[Data extracted from a collection]
------------------------------------------------

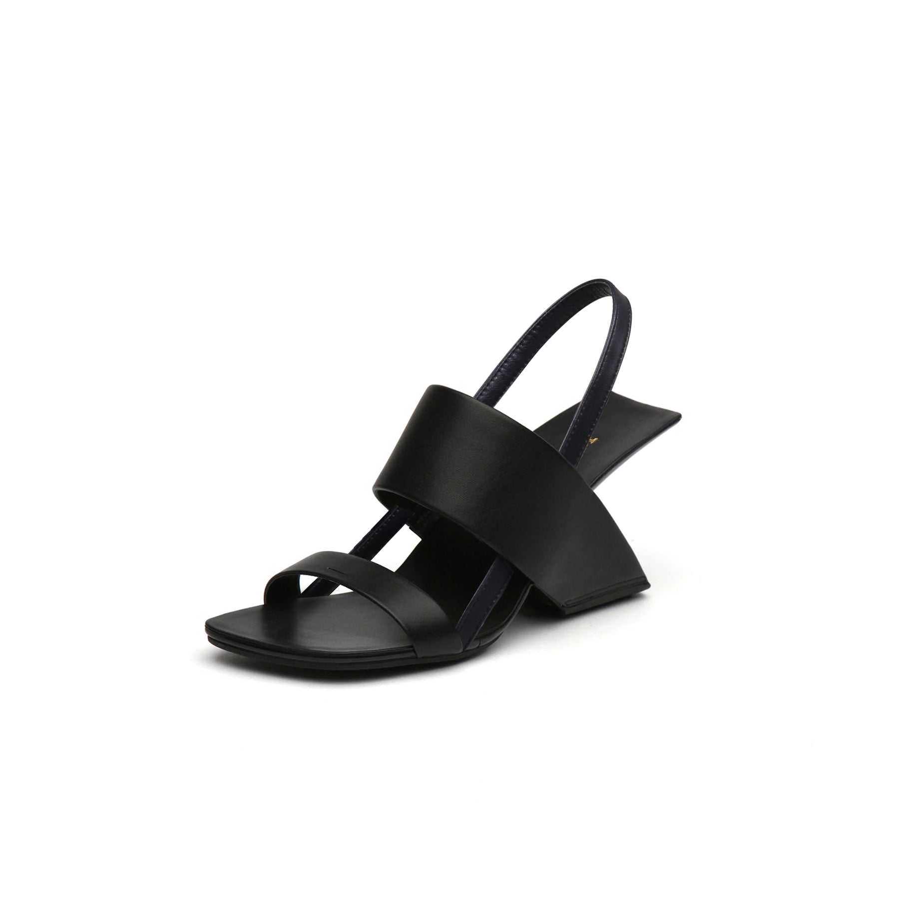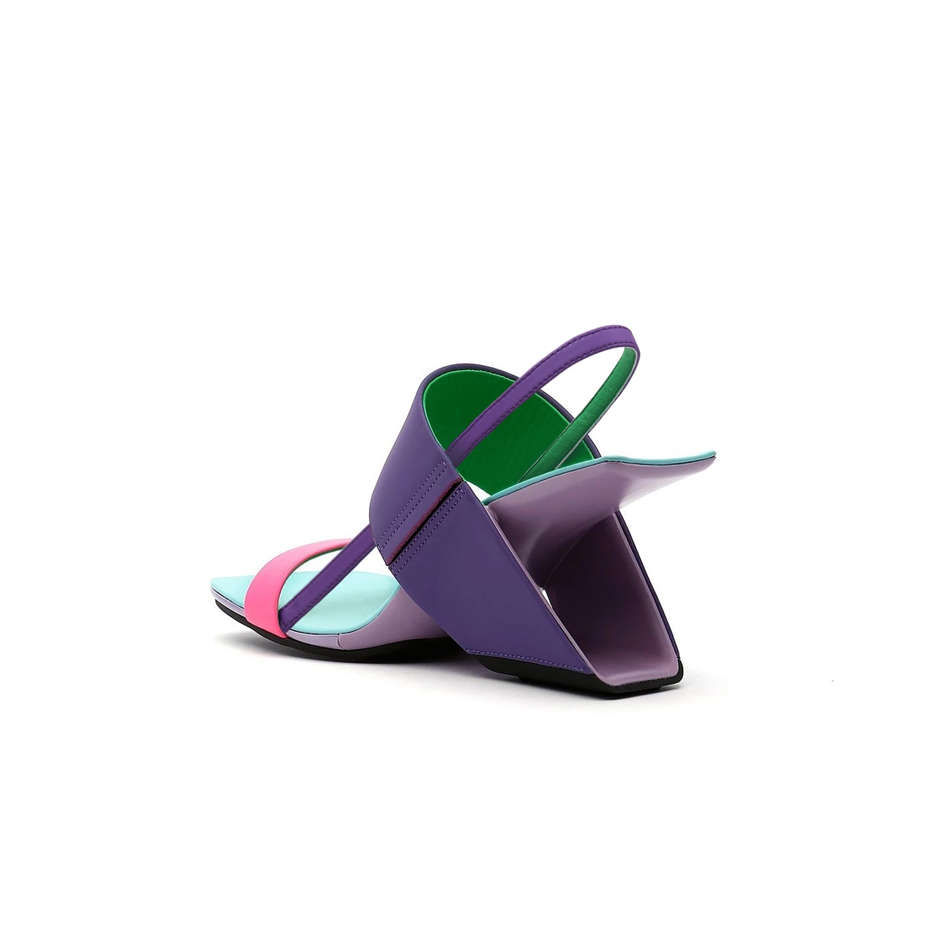 - The sharply angled heel creates visual drama while offering geometric elegance
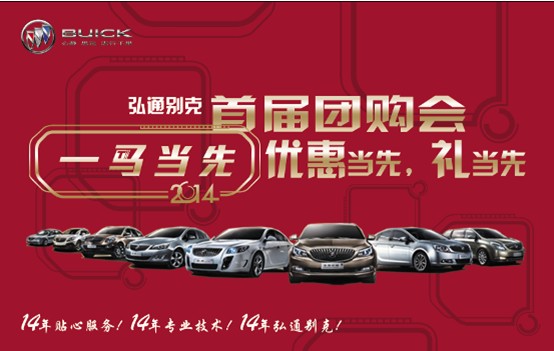 2014年只要馬到成功?NO NO...,還要馬上有別克!為了給2014年這個(gè)承載著中國(guó)人夢(mèng)想的一年再添華麗篇章,弘通別克14年品質(zhì)老店特舉辦馬年首屆大型團(tuán)購(gòu)會(huì),為回饋新老客戶,讓大家在緊接而來(lái)的馬年能開(kāi)足馬力迎新歲。新歲。
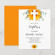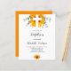 Un arrière - plan blanc décoré d'une croix blanche, de tournesol aquarellé, de verdure d'eucalyptus et de feuilles dorés. Personnalisez et le nom des enfants et les détails de la cérémonie. Non sexiste. Retour : arrière - plan orange. Vous pouvez modifier la couleur de l'arrière - plan si vous le souhaitez.
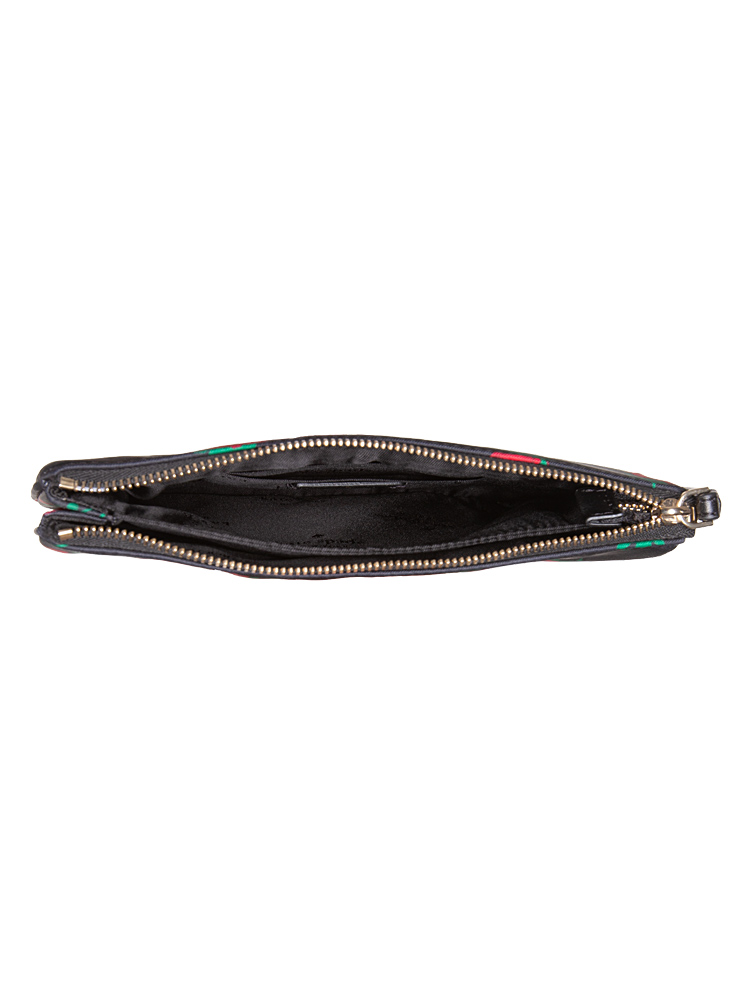 Made of nylon. The wristlet features a zip closure that opens to polyester lining with three card slots, and two compartments.
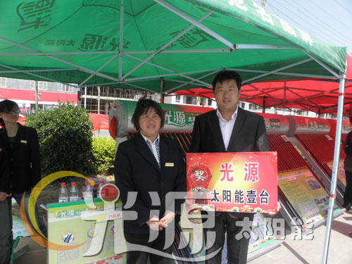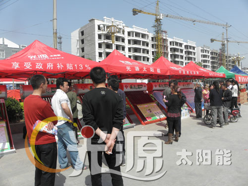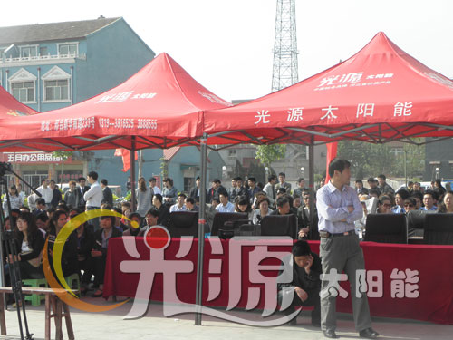 廣場(chǎng)的一側(cè),光源銀月亮、浴美人系列太陽(yáng)能列隊(duì)排開,漂亮的機(jī)型,明碼標(biāo)價(jià)的質(zhì)優(yōu)價(jià)廉產(chǎn)品,吸引了廣大老百姓駐足凝神觀看!實(shí)實(shí)在在的優(yōu)惠政策,在加上工作人員耐心細(xì)致的講解,廣大老百姓紛紛踴躍定機(jī)!
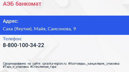 АЭБ, банкомат по адресу Саха (Якутия), Майя, Самсонова, 9 в дальнейшем Организация, размещена в следующих категориях:
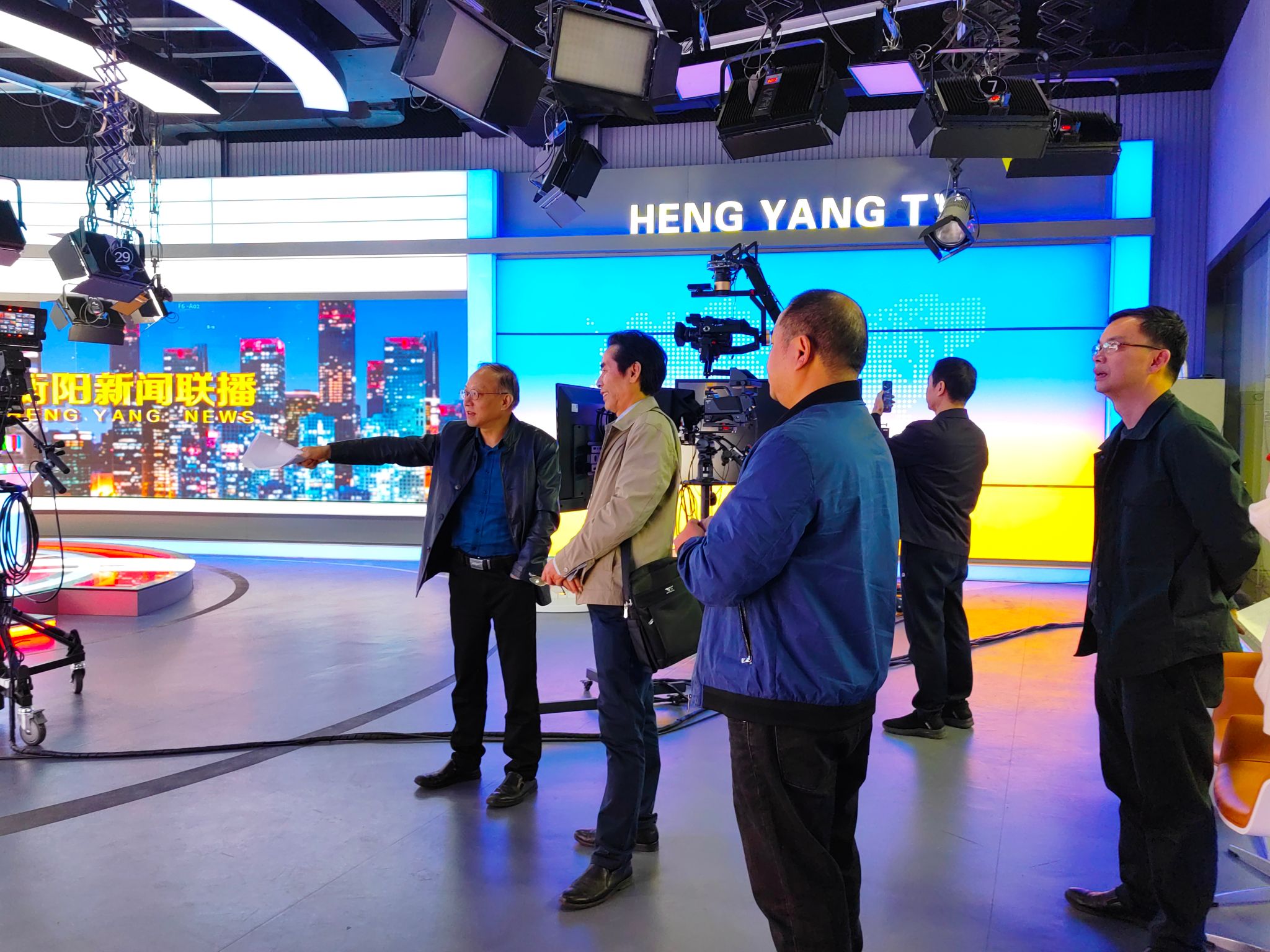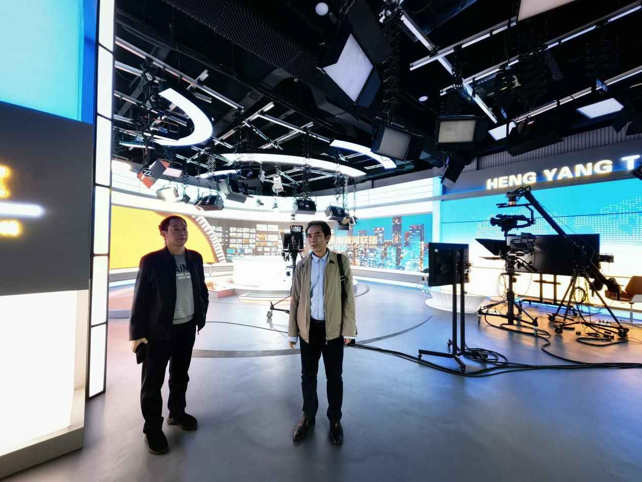 2024年10月29日下午,新闻与传播公司党总支书记彭晖、经理彭军辉、副经理罗兵一行来到衡阳市广播电视台实践教学基地进行考察,实地走访了电视台演播大厅、电视新闻录制口播室、视频编辑机房、电视新闻合成制作室、广播录音棚、融媒体演播室、电视节目播出控制中心等实践教学场所。衡阳市广播电视台副台长肖雄、总编室主任全青松等陪同并对实践教学基地进行介绍。
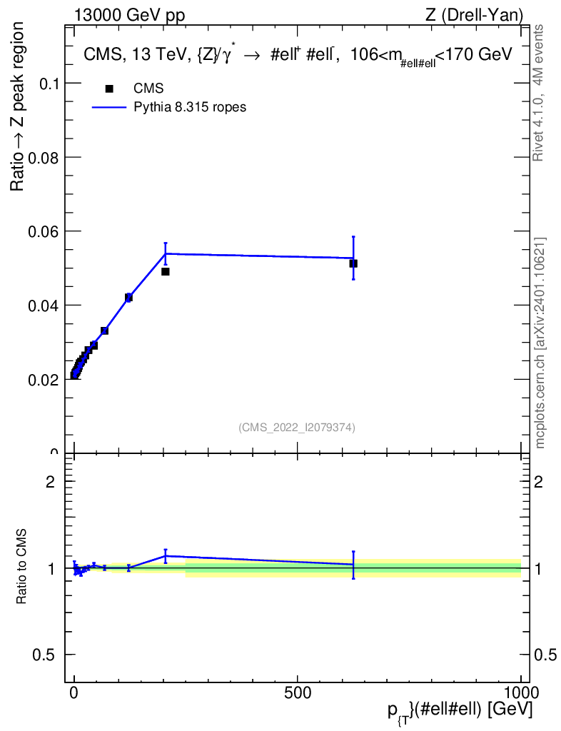 Lines: data, pythia8 8.315 ropes |
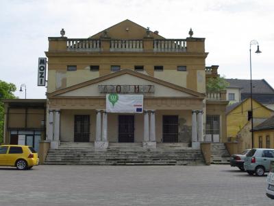 "...Az épület 1914-ben épült mozgófénykép-színházként (vagyis „mozi”-ként). Tervezője Mende Valér, a kor elismert építésze. Az eltelt közel száz év alatt több átalakításon esett át, végül az 1990-es évek végén bezárt, azóta üresen áll. A város ezidáig nem tudta hasznosítani, állapota egyre romlik..." F: http://epiteszforum.hu
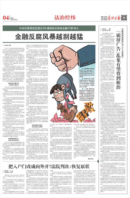 近年来,党中央坚决惩治金融领域腐败,从将“金融信贷”列为反腐败重点领域和关键环节,到强调“一体推进惩治金融腐败和防控金融风险”,金融反腐向纵深推进。

------------------------------------------------

ASSIGNMENT
Your task is to repeat the opening line of the entries above and each line after it, ending with the line that has "2014年只要馬到成功?NO". Do not include the pictures.

WRITTEN RESPONSE
 - The sharply angled heel creates visual drama while offering geometric elegance
 2014年只要馬到成功?NO NO...,還要馬上有別克!為了給2014年這個(gè)承載著中國(guó)人夢(mèng)想的一年再添華麗篇章,弘通別克14年品質(zhì)老店特舉辦馬年首屆大型團(tuán)購(gòu)會(huì),為回饋新老客戶,讓大家在緊接而來(lái)的馬年能開(kāi)足馬力迎新歲。新歲。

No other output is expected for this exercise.